-- INFORMATION PROVIDED follows --

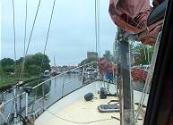 Um 10:05 Uhr passieren wir das Sperrwerk und um 11:30 Uhr die Leer Bridge. Vor der Brücke müssen wir erst noch 15 Minuten auf eine weitere Yacht warten, danach lassen wir uns Zeit. Zbigniew meldet sich wieder: Er hat wirklich nur einen Liegeplatz von 15 m Länge zusammen bekommen. Bei unseren 13 m Bootslänge heißt das "Einparken ohne Hilfe des Motors". Harry von der Arielle und Zbigniew wollen uns mit den Leinen einfangen und in die Lücke bugsieren. Weener ist bereits in Sicht, wir lassen uns von der Tide flußaufwärts schieben und nehmen den Motor nur zum Steuern ...
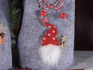 Sacchetti natalizi in panno con fiocco, decoro Babbo Natale e stella glitterata in set da due pezzi
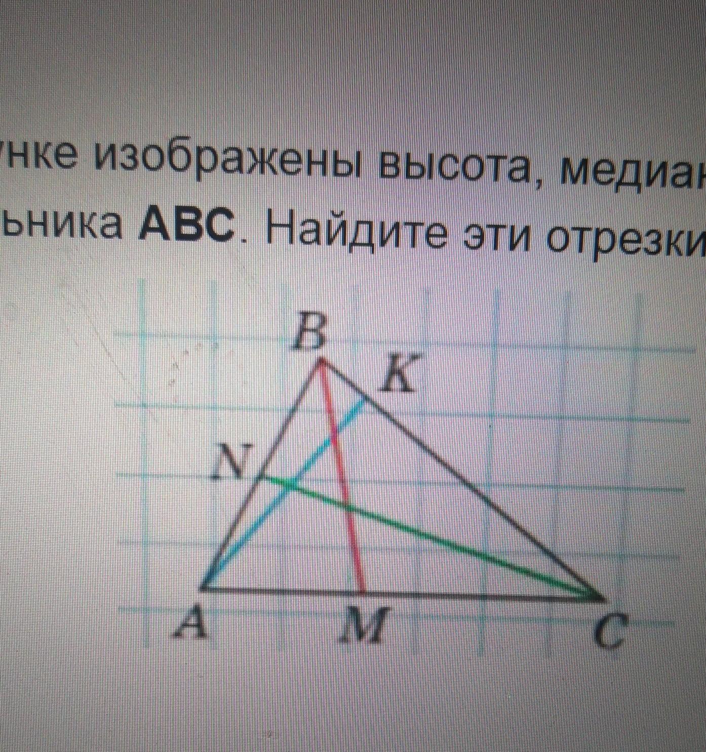 На рисунке изображены высота , медианы и биссектриса треугольника ABC. Найдите эти отрезки
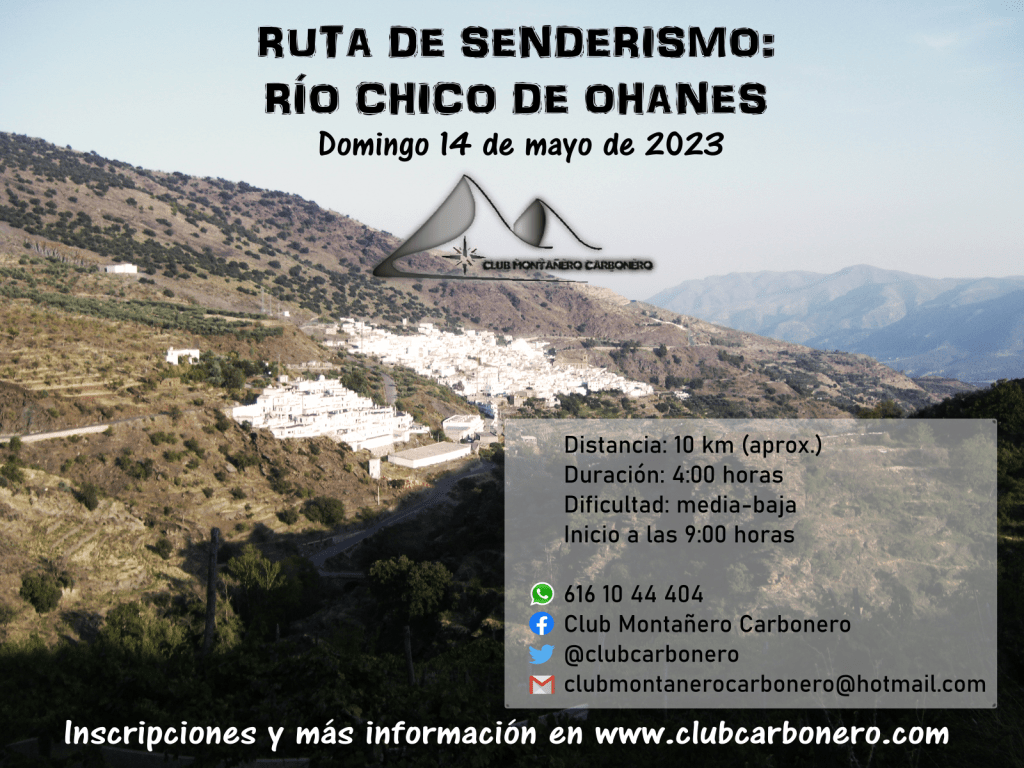 El Club Montañero Carbonero organiza el domingo 14 de mayo de 2023 la ruta de senderismo Río Chico de Ohanes.
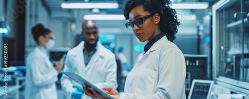 A team of scientists discussing results on a digital tablet in a high-tech laboratory
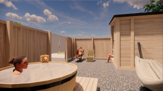 ■資金の用途 「SEN.RETREAT TAKAHARA」にサウナをつくるための材料・人件費
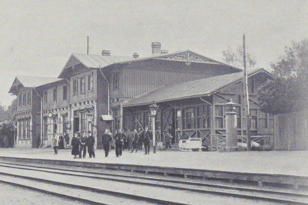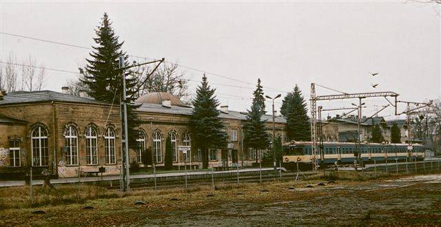 Elewacja budynku dworcowego z nazwą stacji widziana od strony peronu. Zdjęcie (fragment większego ujęcia) pochodzi z prywatnej kolekcji wysyłającego.
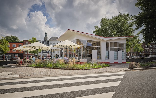 Voor het terrein en de vlonder werd gekozen voor een ambachtelijke detaillering in gebakken klinkers, natuursteen en echt hout. De kiosk is gerestaureerd met behoud van zoveel mogelijk origineel materiaal, waarbij de sporen van zeventig jaar in het interieur zichtbaar zijn gehouden.
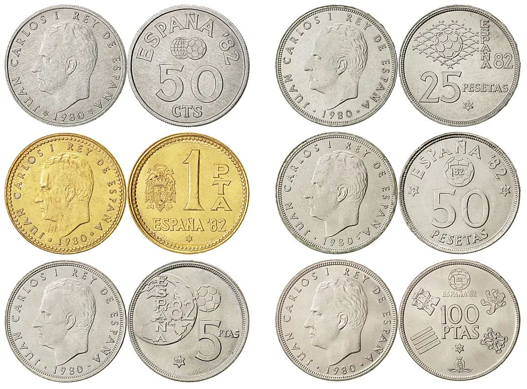 1982年西班牙世界杯发行了6枚流通纪念币,材质分别为铝、铜、镍。
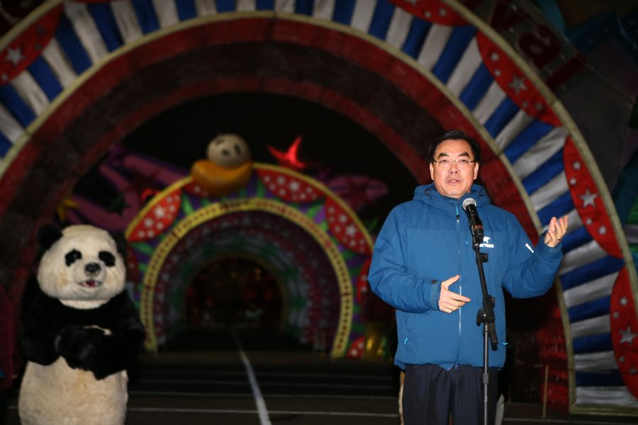Illuminated lanterns are seen at the Hello Panda Festival at Citi Field baseball park in New York, the United States, on Dec. 6, 2019. (Xinhua/Qin Lang)
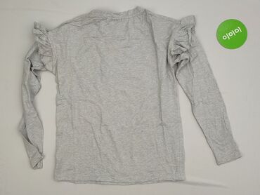 Szary dziewczęcy sweterek/bluzka z długim rękawem. - Kolor: melanż szaro-biały - Fason: dopasowany, lekko zaokrąglony dół, okrągły dekolt - Przód ozdobiony dużą aplikacją „smiley” z drobnych, błys...Stan:
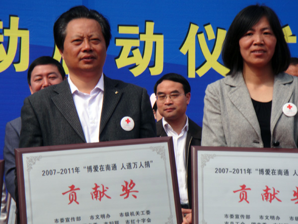 在市领导致辞和“首届南通市应急救护大赛”启动仪式之后,陈情会长上主席台接受了由市委宣传部、市文明办、市总工会和市红十字会等部门联合颁发的2007~2011年“博爱在南通 人道万人捐活动”贡献奖牌,并在现场代表我校红十字会举牌向市红会捐助善款18000元,是2007年以来我校第五次向红会捐助特殊会费,充分体现了我校师生对公益事业的关注和源源不断的爱心奉献。
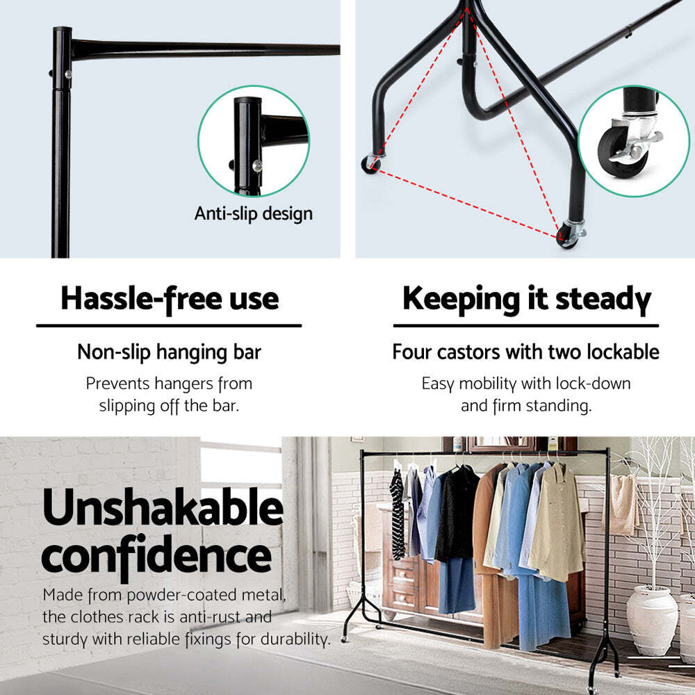 Simple and yet extremely practical. Our black metal clothes rack adds a stylish presence to your bedroom and wardrobe. Better still, its powder-coated steel structure is sturdy and strong with reliable fixings to keep it in shape at all times. With up to 60kg maximum capacity, this clothes rack is no pushover when it comes to hanging all sorts of apparels. And its anti-slip design adds a considerate touch to prevent hangers from slipping off the hanging bar. Not least, its four castors with two that are lockable means that you have this rack anywhere in your home, shop or studio with minimum fuss.
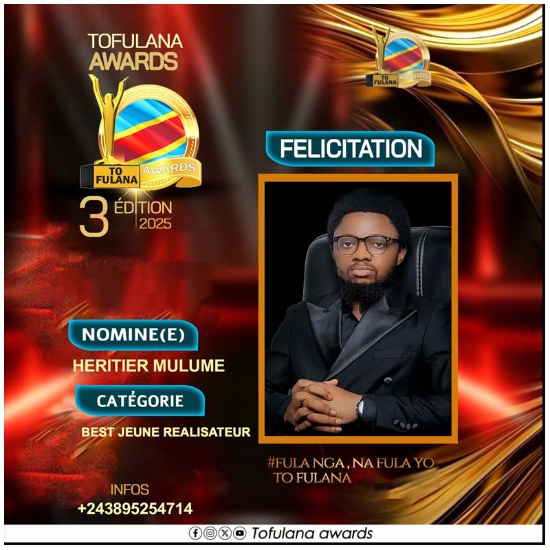 TOFULANA AWARDS (Une structure qui socioculturelle qui prime les valeurs) :Téléphone : +243819295977 E-mail : samuelndjoli05@gmail.com
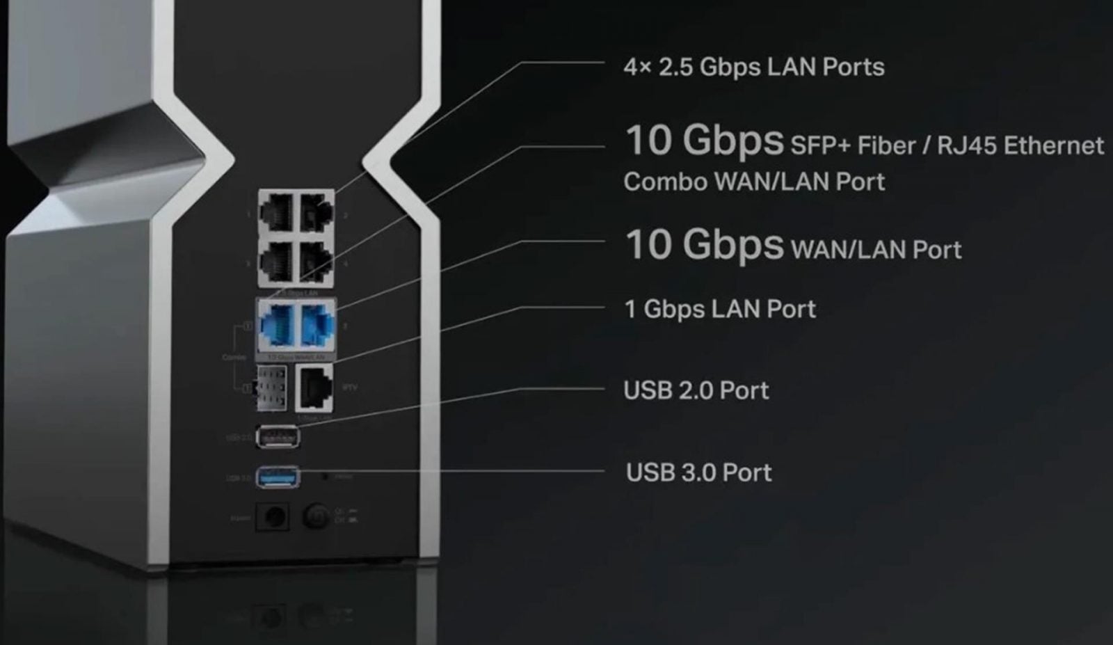 Wchodząc w szczegóły specyfikacji, BE900 zapewnia możliwość łączenia połączenia 10Gb SFP+Fiber WAN oraz dodatkowy 10Gb port WAN, który może być również używany jako połączenie LAN. Poza tym domową sieć można oprzeć o cztery dostępne porty Ethernet 2,5Gb. cztery porty ethernet 2.5G, aby zbudować sobie szybką sieć przewodową i w razie potrzeby korzystać z OpenVPN i prywatnej sieci dla urządzeń Internetu Rzeczy.
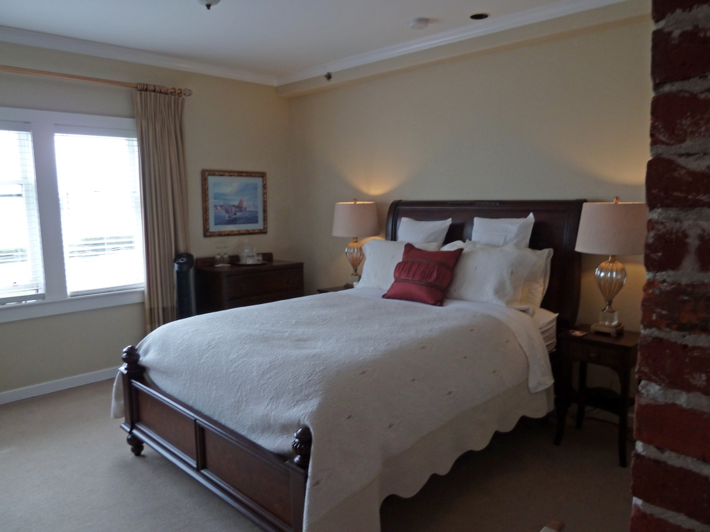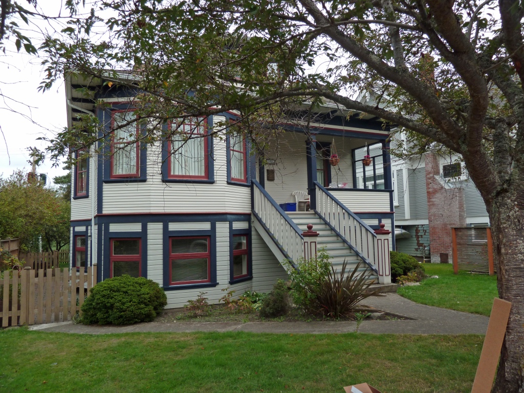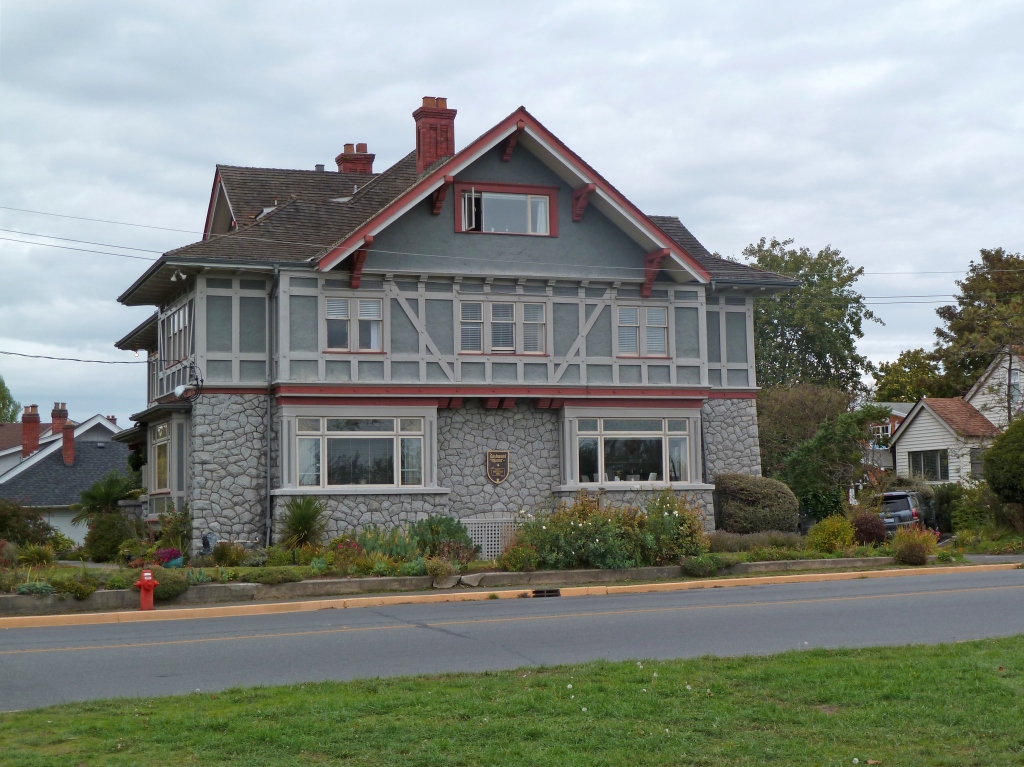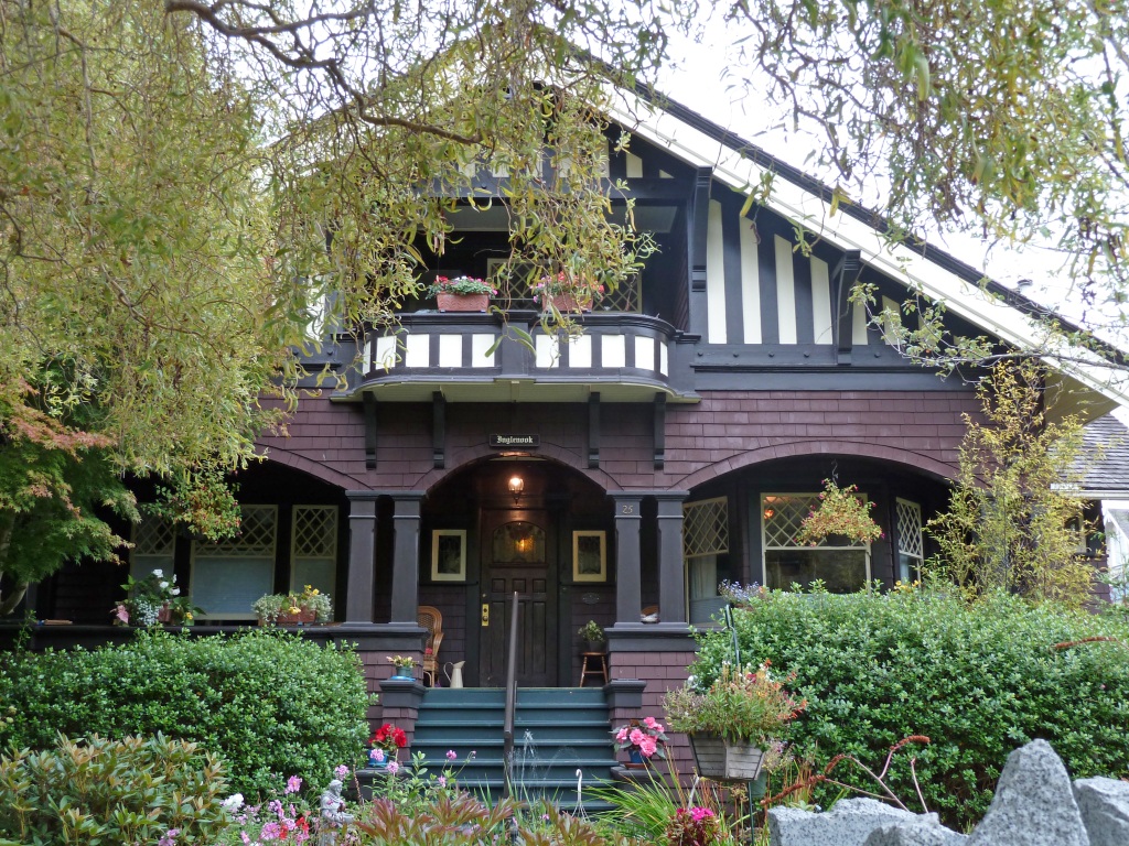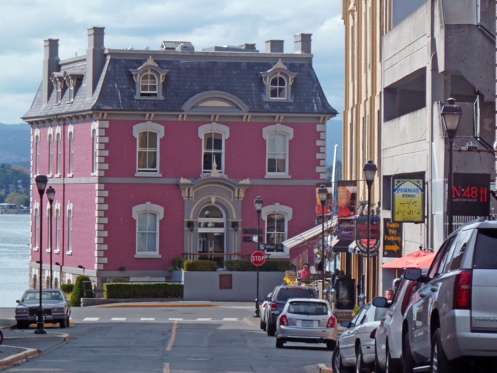 Dennoch haben wir insgesamt gut geschlafen und gehen um 08:30 zum Frühstück in den ersten Stock mit Blick aufs Meer (bzw. die Street of Georgia). Wir bekommen zunächst Joghurt mit Himbeeren und dann Oeufs Cocotte – sehr feine Angelegenheit und auch optisch ansprechend serviert. Wir ratschen ausführlich mit dem Innkeeper, seiner kanadischen Frau und Mitgästen, einem Anthropologen aus Victoria und seiner Frau. Sprachlich geht es kreuz und quer und wir unterhalten uns lange und intensiv über Gott und die Welt.

-- INFORMATION PROVIDED concluded --

_WHAT THE EXERCISE ASKS_.
Restate the data above word for word. Do not include the images.

_COMPLETED TASK_.
 Um 10:05 Uhr passieren wir das Sperrwerk und um 11:30 Uhr die Leer Bridge. Vor der Brücke müssen wir erst noch 15 Minuten auf eine weitere Yacht warten, danach lassen wir uns Zeit. Zbigniew meldet sich wieder: Er hat wirklich nur einen Liegeplatz von 15 m Länge zusammen bekommen. Bei unseren 13 m Bootslänge heißt das "Einparken ohne Hilfe des Motors". Harry von der Arielle und Zbigniew wollen uns mit den Leinen einfangen und in die Lücke bugsieren. Weener ist bereits in Sicht, wir lassen uns von der Tide flußaufwärts schieben und nehmen den Motor nur zum Steuern ...
 Sacchetti natalizi in panno con fiocco, decoro Babbo Natale e stella glitterata in set da due pezzi
 На рисунке изображены высота , медианы и биссектриса треугольника ABC. Найдите эти отрезки
 El Club Montañero Carbonero organiza el domingo 14 de mayo de 2023 la ruta de senderismo Río Chico de Ohanes.
 A team of scientists discussing results on a digital tablet in a high-tech laboratory
 ■資金の用途 「SEN.RETREAT TAKAHARA」にサウナをつくるための材料・人件費
 Elewacja budynku dworcowego z nazwą stacji widziana od strony peronu. Zdjęcie (fragment większego ujęcia) pochodzi z prywatnej kolekcji wysyłającego.
 Voor het terrein en de vlonder werd gekozen voor een ambachtelijke detaillering in gebakken klinkers, natuursteen en echt hout. De kiosk is gerestaureerd met behoud van zoveel mogelijk origineel materiaal, waarbij de sporen van zeventig jaar in het interieur zichtbaar zijn gehouden.
 1982年西班牙世界杯发行了6枚流通纪念币,材质分别为铝、铜、镍。
Illuminated lanterns are seen at the Hello Panda Festival at Citi Field baseball park in New York, the United States, on Dec. 6, 2019. (Xinhua/Qin Lang)
 Szary dziewczęcy sweterek/bluzka z długim rękawem. - Kolor: melanż szaro-biały - Fason: dopasowany, lekko zaokrąglony dół, okrągły dekolt - Przód ozdobiony dużą aplikacją „smiley” z drobnych, błys...Stan:
 在市领导致辞和“首届南通市应急救护大赛”启动仪式之后,陈情会长上主席台接受了由市委宣传部、市文明办、市总工会和市红十字会等部门联合颁发的2007~2011年“博爱在南通 人道万人捐活动”贡献奖牌,并在现场代表我校红十字会举牌向市红会捐助善款18000元,是2007年以来我校第五次向红会捐助特殊会费,充分体现了我校师生对公益事业的关注和源源不断的爱心奉献。
 Simple and yet extremely practical. Our black metal clothes rack adds a stylish presence to your bedroom and wardrobe. Better still, its powder-coated steel structure is sturdy and strong with reliable fixings to keep it in shape at all times. With up to 60kg maximum capacity, this clothes rack is no pushover when it comes to hanging all sorts of apparels. And its anti-slip design adds a considerate touch to prevent hangers from slipping off the hanging bar. Not least, its four castors with two that are lockable means that you have this rack anywhere in your home, shop or studio with minimum fuss.
 TOFULANA AWARDS (Une structure qui socioculturelle qui prime les valeurs) :Téléphone : +243819295977 E-mail : samuelndjoli05@gmail.com
 Wchodząc w szczegóły specyfikacji, BE900 zapewnia możliwość łączenia połączenia 10Gb SFP+Fiber WAN oraz dodatkowy 10Gb port WAN, który może być również używany jako połączenie LAN. Poza tym domową sieć można oprzeć o cztery dostępne porty Ethernet 2,5Gb. cztery porty ethernet 2.5G, aby zbudować sobie szybką sieć przewodową i w razie potrzeby korzystać z OpenVPN i prywatnej sieci dla urządzeń Internetu Rzeczy.
 Dennoch haben wir insgesamt gut geschlafen und gehen um 08:30 zum Frühstück in den ersten Stock mit Blick aufs Meer (bzw. die Street of Georgia). Wir bekommen zunächst Joghurt mit Himbeeren und dann Oeufs Cocotte – sehr feine Angelegenheit und auch optisch ansprechend serviert. Wir ratschen ausführlich mit dem Innkeeper, seiner kanadischen Frau und Mitgästen, einem Anthropologen aus Victoria und seiner Frau. Sprachlich geht es kreuz und quer und wir unterhalten uns lange und intensiv über Gott und die Welt.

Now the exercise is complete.